- Abbreviation: KDU
- Leader: Josef Bartončík
- Founded: 1990
- Dissolved: 1992
- Succeeded by: KDU–ČSL
- Ideology: Christian democracy
- Member parties: Czechoslovak People's Party; Christian Democratic Party; Free Peasant Party; Association of Czechoslovak Entrepreneurs; Moravian Civic Movement; Club of Pensioners;

= Christian and Democratic Union =

The Christian and Democratic Union was a political alliance in Czechoslovakia.

==History==
The alliance was formed prior to the 1990 elections by the Czechoslovak People's Party, the Christian Democratic Party, the Free Peasant Party, the Association of Czechoslovak Entrepreneurs, the Moravian Civic Movement and the Club of Pensioners.

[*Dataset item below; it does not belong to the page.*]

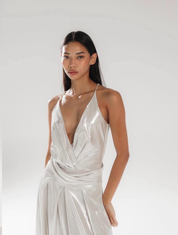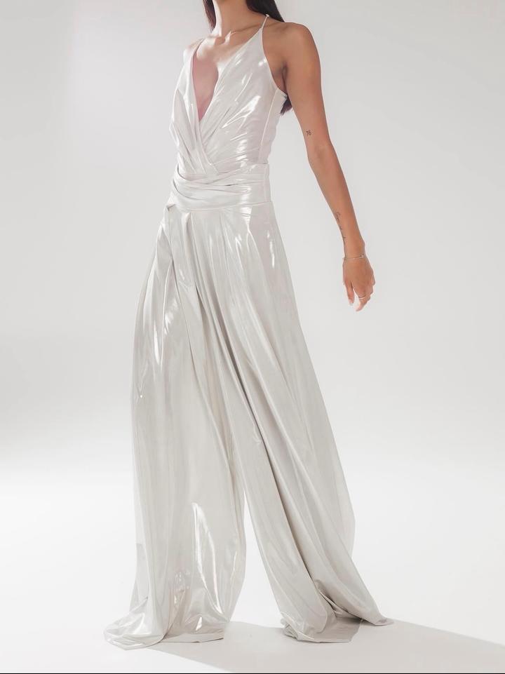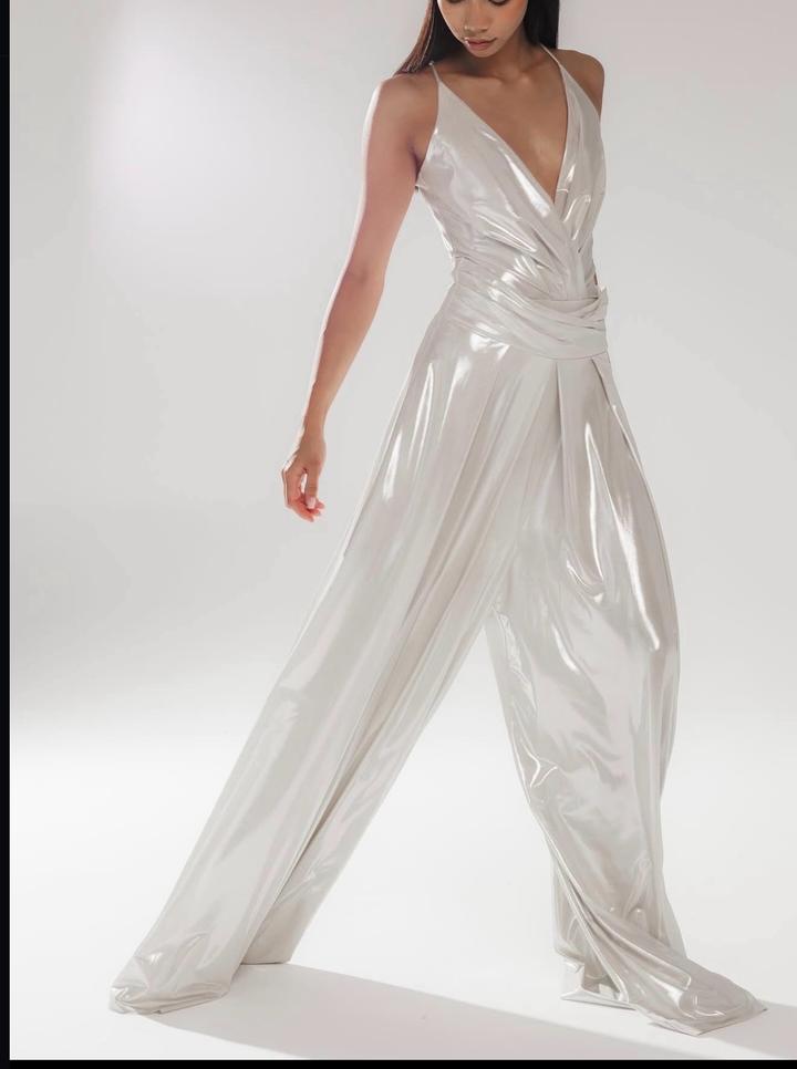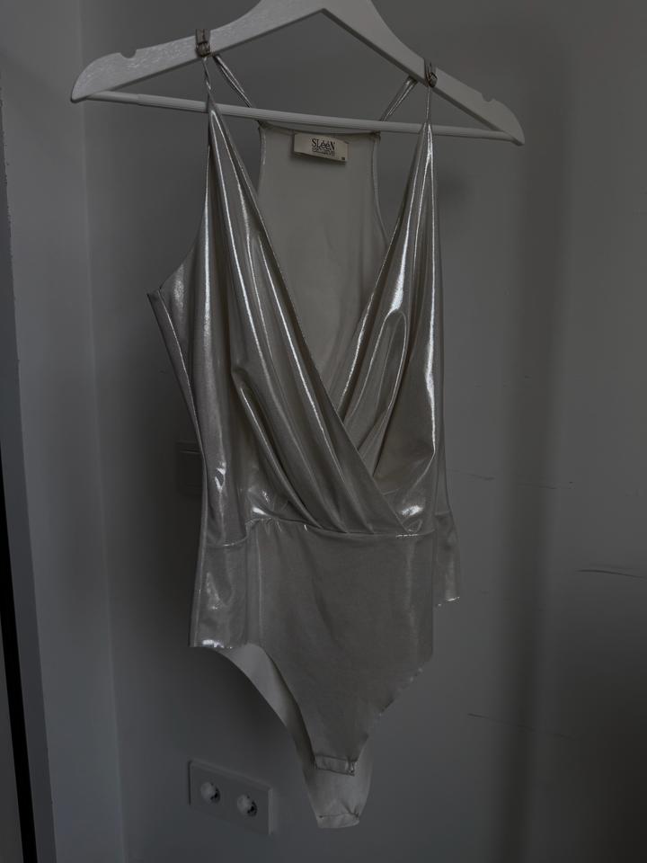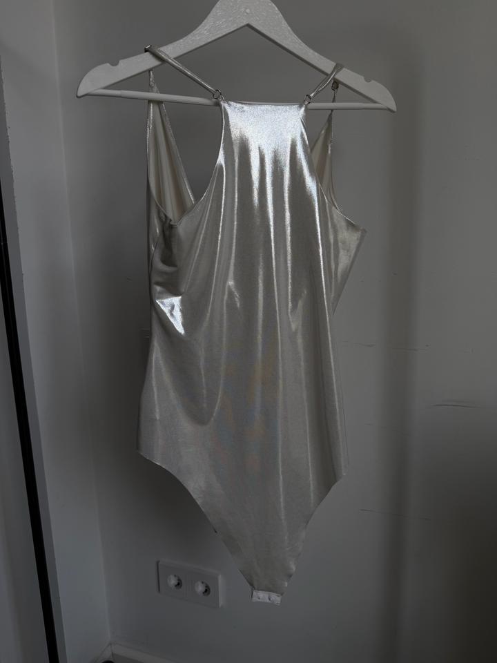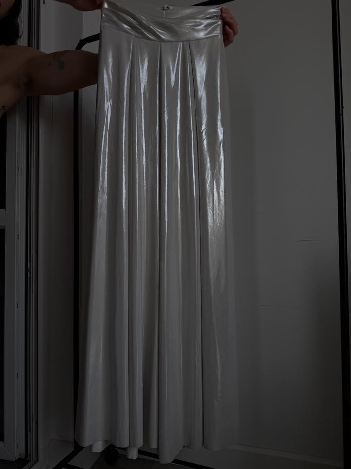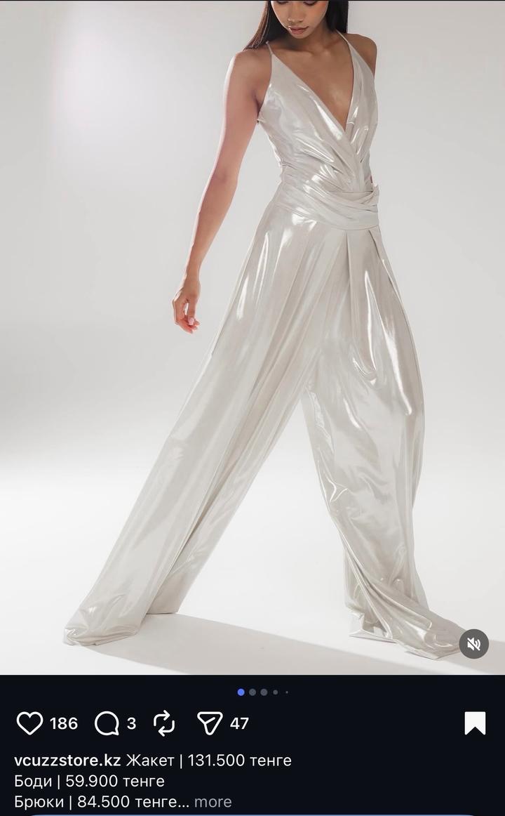 Бело-серебряный блестящий костюм на ваше праздничное мероприятие Боди + супер широкие длинные штаны на молнии Подойдут для каблуков Надевала один раз на мероприятие Больше не нужно Артикул: 427415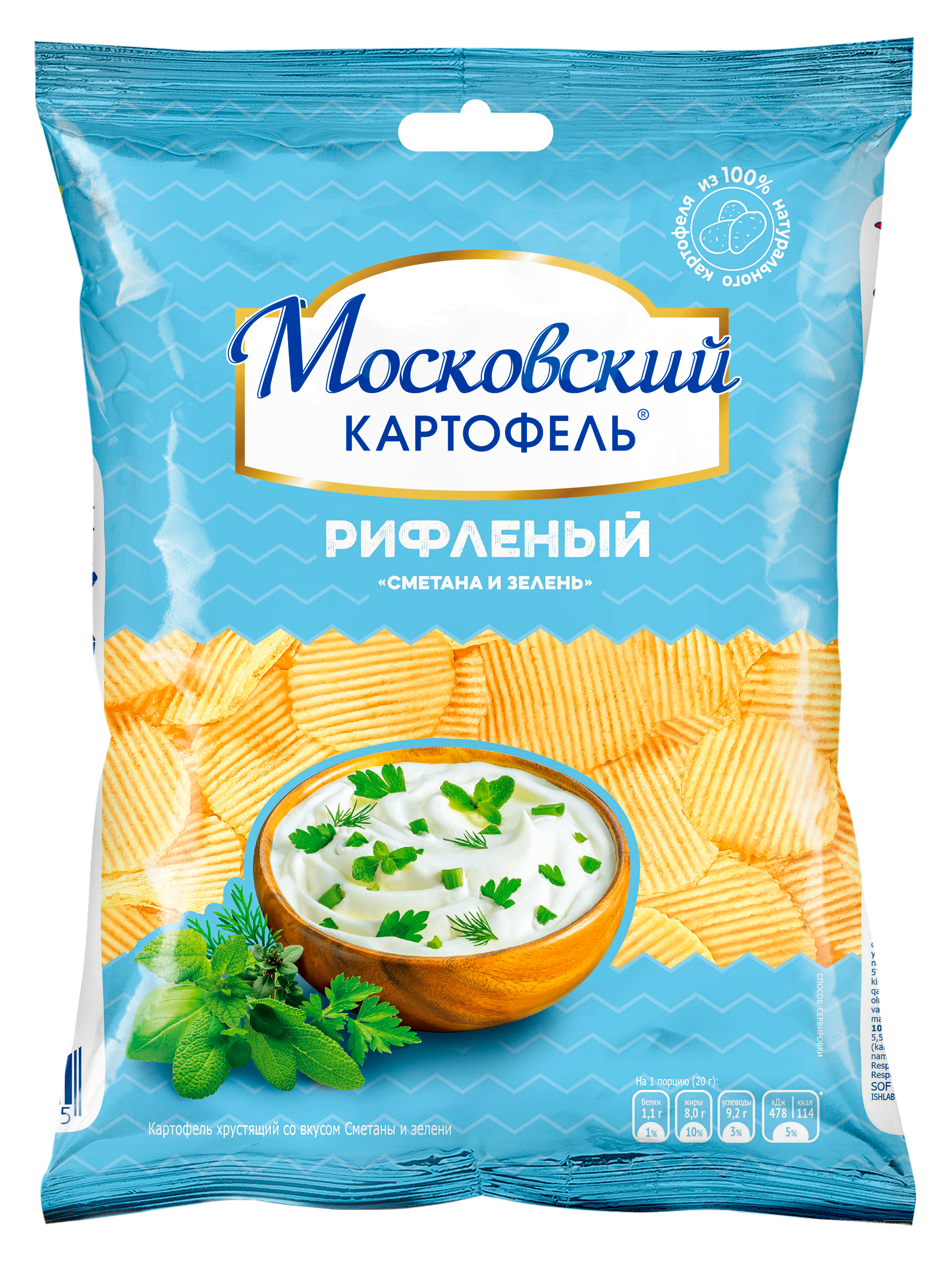 | Московский Картофель | Снеки | Московский картофель: Большая фасовка. Рифленые | Картофель Московский хруст. рифл со вкусом сметаны и зелени ... | 2601975 | Пакет-подушка |  4602112515661 | 120 | 0,00553 | 205 | 90 | 300 |  |  | 20 | Всегда актуальная классика: поджаренный золотистый картофель... | Готовый продукт.

In the elections to the Czechoslovak Federal Assembly it won nine seats in the Chamber of the People and six in the Chamber of the Nations. In the elections to the National Council of the Czech Republic the party won 20 seats.

The alliance was dissolved before the 1992 elections; the Christian Democratic Party ran in an alliance with the Civic Democratic Party and the other parties ran alone. The Czechoslovak People's Party itself renamed as the Christian and Democratic Union – Czechoslovak People's Party.